> **Material provided**
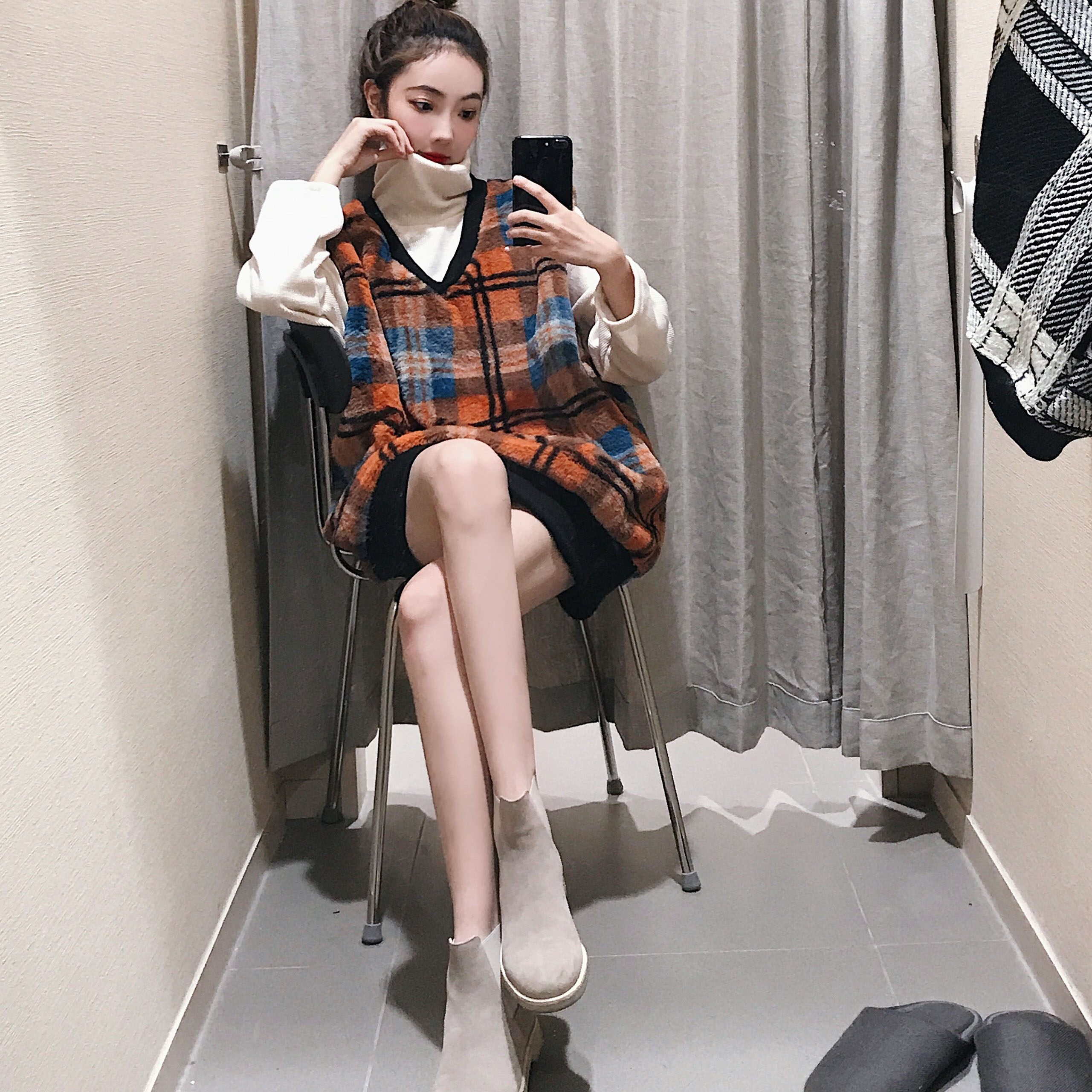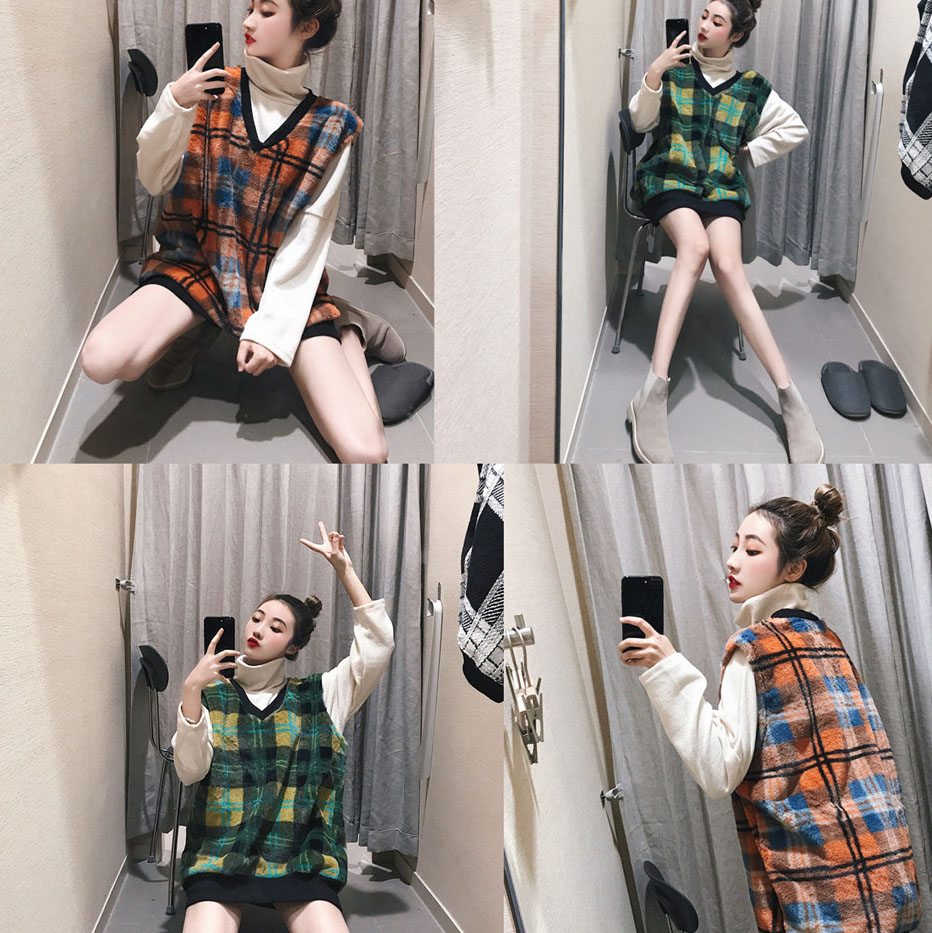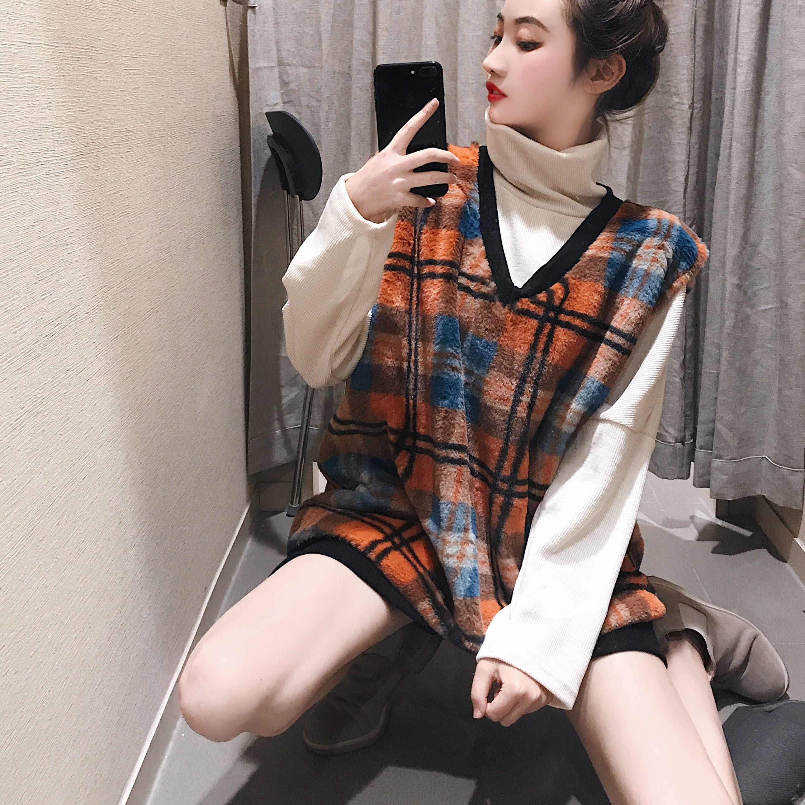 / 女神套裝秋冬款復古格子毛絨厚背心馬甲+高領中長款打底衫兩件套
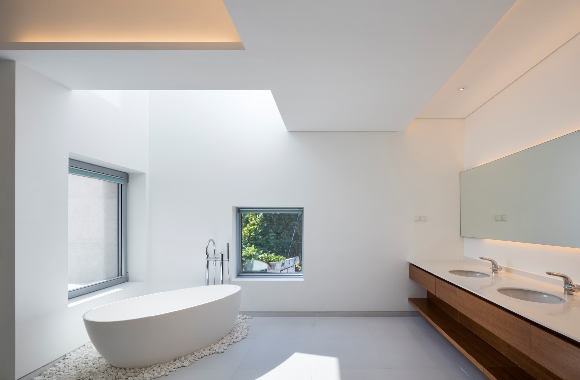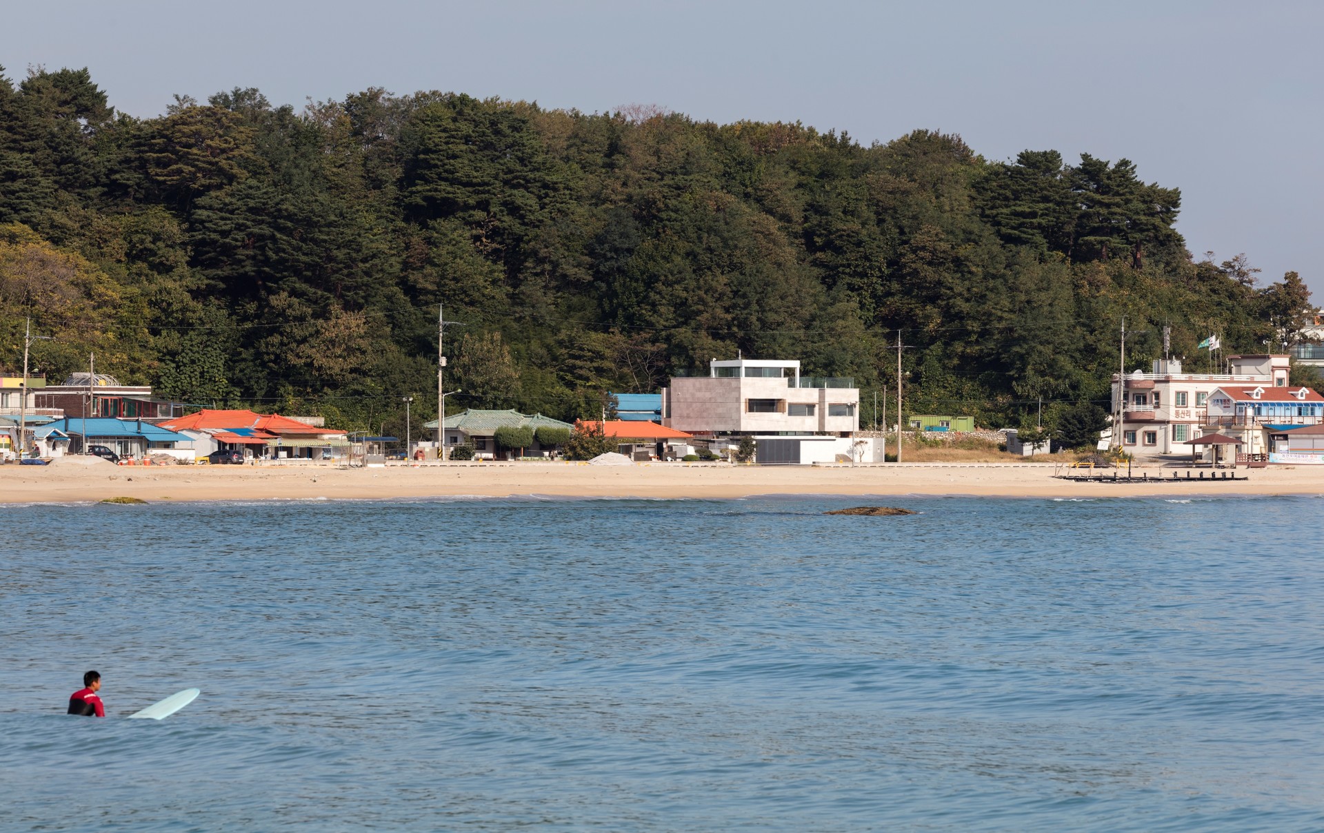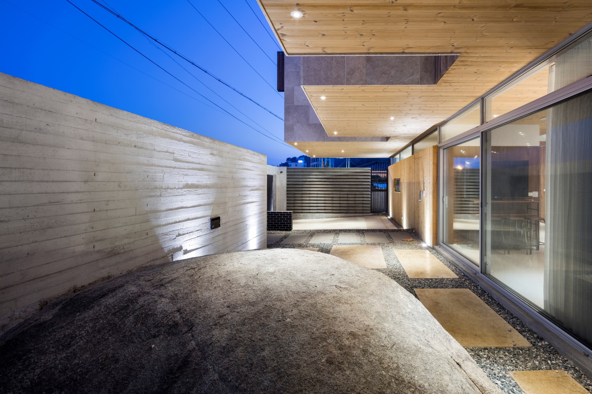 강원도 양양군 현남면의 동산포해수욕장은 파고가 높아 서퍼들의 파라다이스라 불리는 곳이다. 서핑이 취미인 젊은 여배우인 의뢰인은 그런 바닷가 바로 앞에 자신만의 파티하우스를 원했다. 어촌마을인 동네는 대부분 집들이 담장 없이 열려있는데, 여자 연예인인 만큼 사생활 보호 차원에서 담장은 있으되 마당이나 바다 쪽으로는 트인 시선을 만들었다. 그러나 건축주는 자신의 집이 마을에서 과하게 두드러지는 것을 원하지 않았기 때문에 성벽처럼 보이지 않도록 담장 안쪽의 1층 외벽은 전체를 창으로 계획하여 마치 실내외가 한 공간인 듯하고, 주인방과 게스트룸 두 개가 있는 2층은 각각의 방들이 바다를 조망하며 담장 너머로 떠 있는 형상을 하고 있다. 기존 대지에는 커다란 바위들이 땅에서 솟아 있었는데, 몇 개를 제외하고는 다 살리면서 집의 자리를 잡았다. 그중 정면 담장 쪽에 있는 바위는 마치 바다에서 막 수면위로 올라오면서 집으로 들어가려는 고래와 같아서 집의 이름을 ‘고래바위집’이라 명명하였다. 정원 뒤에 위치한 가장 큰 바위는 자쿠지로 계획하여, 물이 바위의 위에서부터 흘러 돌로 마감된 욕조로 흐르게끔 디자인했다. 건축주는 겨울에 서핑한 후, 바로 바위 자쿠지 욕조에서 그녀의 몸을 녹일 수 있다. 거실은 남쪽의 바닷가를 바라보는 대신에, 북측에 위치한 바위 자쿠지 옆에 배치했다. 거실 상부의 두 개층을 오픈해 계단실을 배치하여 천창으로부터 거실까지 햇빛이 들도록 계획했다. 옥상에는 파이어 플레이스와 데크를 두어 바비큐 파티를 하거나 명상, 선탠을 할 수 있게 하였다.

* * *

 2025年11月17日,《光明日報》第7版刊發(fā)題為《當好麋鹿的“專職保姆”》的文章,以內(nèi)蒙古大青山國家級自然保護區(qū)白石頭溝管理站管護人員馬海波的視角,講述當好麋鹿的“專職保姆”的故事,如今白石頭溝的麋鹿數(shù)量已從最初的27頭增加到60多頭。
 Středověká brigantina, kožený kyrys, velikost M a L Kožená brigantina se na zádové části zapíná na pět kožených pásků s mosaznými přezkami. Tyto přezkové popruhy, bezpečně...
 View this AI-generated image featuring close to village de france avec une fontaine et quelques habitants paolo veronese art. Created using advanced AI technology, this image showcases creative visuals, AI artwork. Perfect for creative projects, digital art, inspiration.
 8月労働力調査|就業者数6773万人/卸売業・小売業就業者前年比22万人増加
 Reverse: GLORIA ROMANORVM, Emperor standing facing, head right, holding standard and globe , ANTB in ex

==

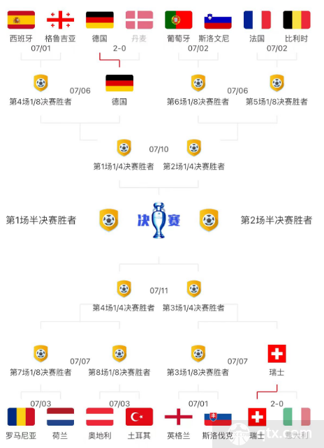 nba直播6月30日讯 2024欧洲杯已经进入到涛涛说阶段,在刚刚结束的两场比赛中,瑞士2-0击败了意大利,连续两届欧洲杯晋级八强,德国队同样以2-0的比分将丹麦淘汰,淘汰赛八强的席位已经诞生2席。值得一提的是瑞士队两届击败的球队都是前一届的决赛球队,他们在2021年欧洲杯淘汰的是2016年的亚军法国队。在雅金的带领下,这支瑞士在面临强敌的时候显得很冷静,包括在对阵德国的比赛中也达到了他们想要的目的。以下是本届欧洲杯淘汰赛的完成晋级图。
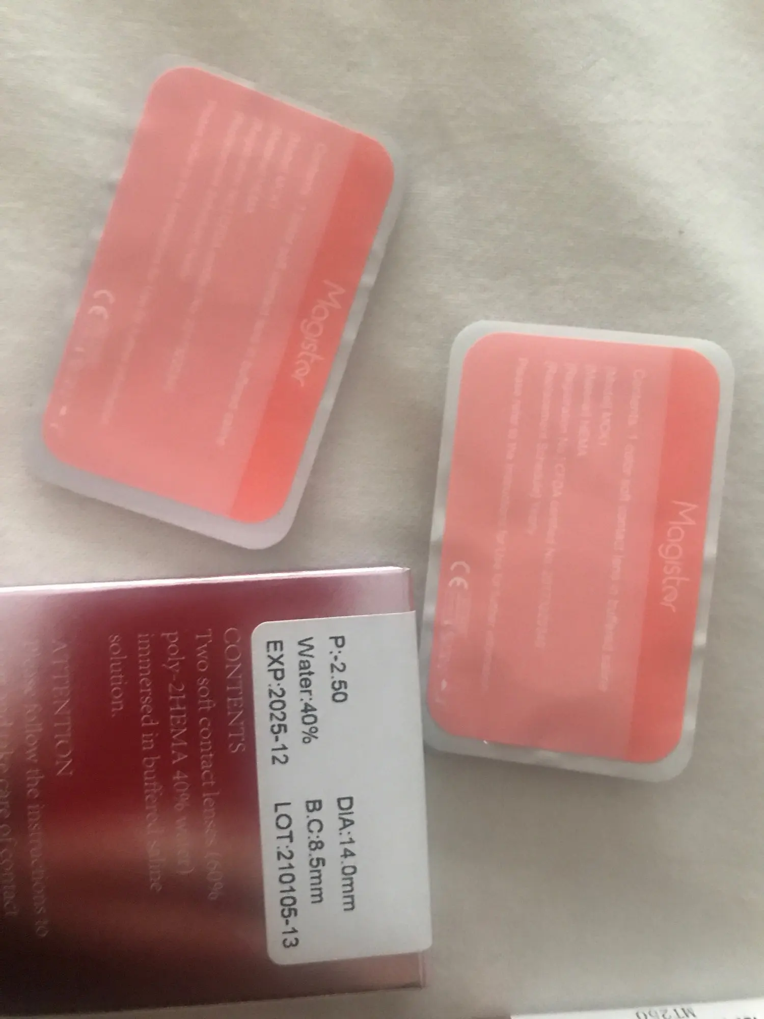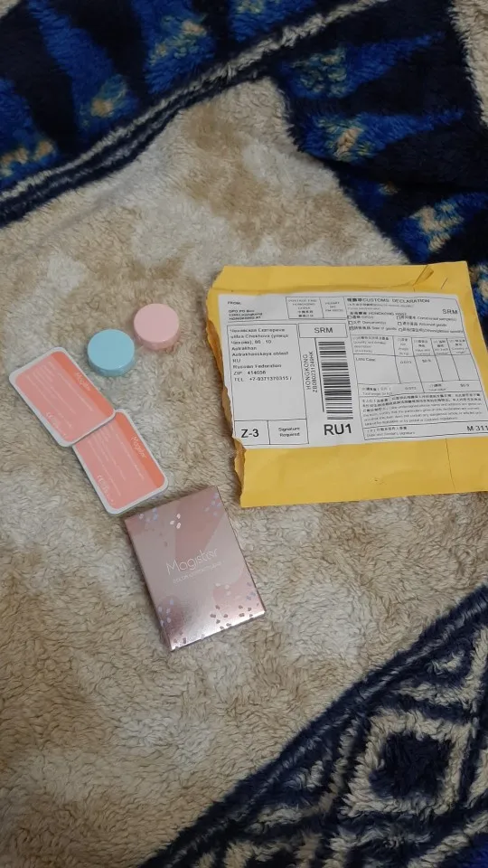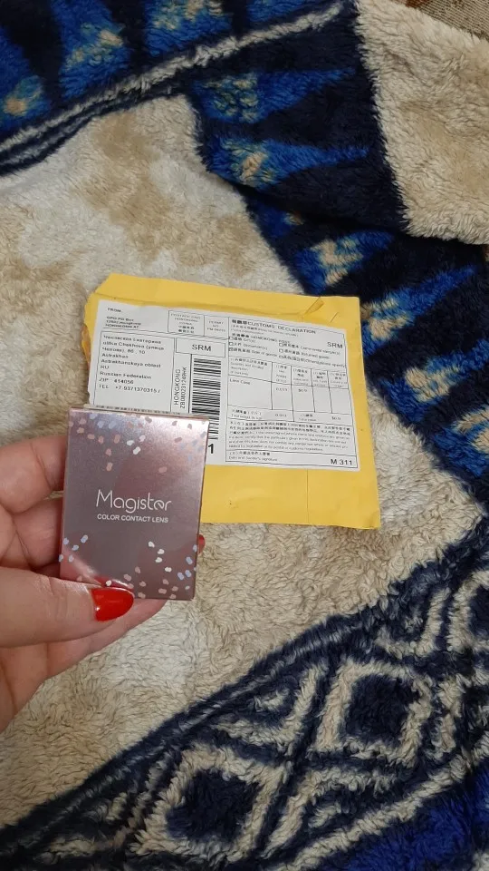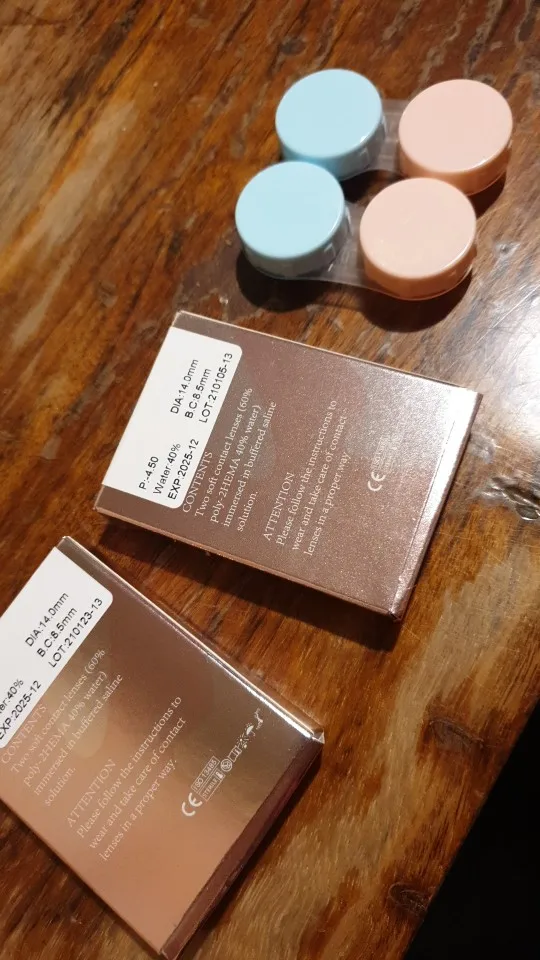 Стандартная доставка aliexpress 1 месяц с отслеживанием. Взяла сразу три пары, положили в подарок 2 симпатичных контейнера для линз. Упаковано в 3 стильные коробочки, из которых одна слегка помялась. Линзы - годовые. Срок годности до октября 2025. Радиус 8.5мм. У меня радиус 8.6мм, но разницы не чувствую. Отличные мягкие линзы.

> **Brief**
Give back precisely the lines above that start at the line containing "Středověká brigantina, kožený" and end at the line containing "Reverse: GLORIA ROMANORVM, Emperor", inclusive. No other lines belong in the output.

> **Completed task**
 Středověká brigantina, kožený kyrys, velikost M a L Kožená brigantina se na zádové části zapíná na pět kožených pásků s mosaznými přezkami. Tyto přezkové popruhy, bezpečně...
 View this AI-generated image featuring close to village de france avec une fontaine et quelques habitants paolo veronese art. Created using advanced AI technology, this image showcases creative visuals, AI artwork. Perfect for creative projects, digital art, inspiration.
 8月労働力調査|就業者数6773万人/卸売業・小売業就業者前年比22万人増加
 Reverse: GLORIA ROMANORVM, Emperor standing facing, head right, holding standard and globe , ANTB in ex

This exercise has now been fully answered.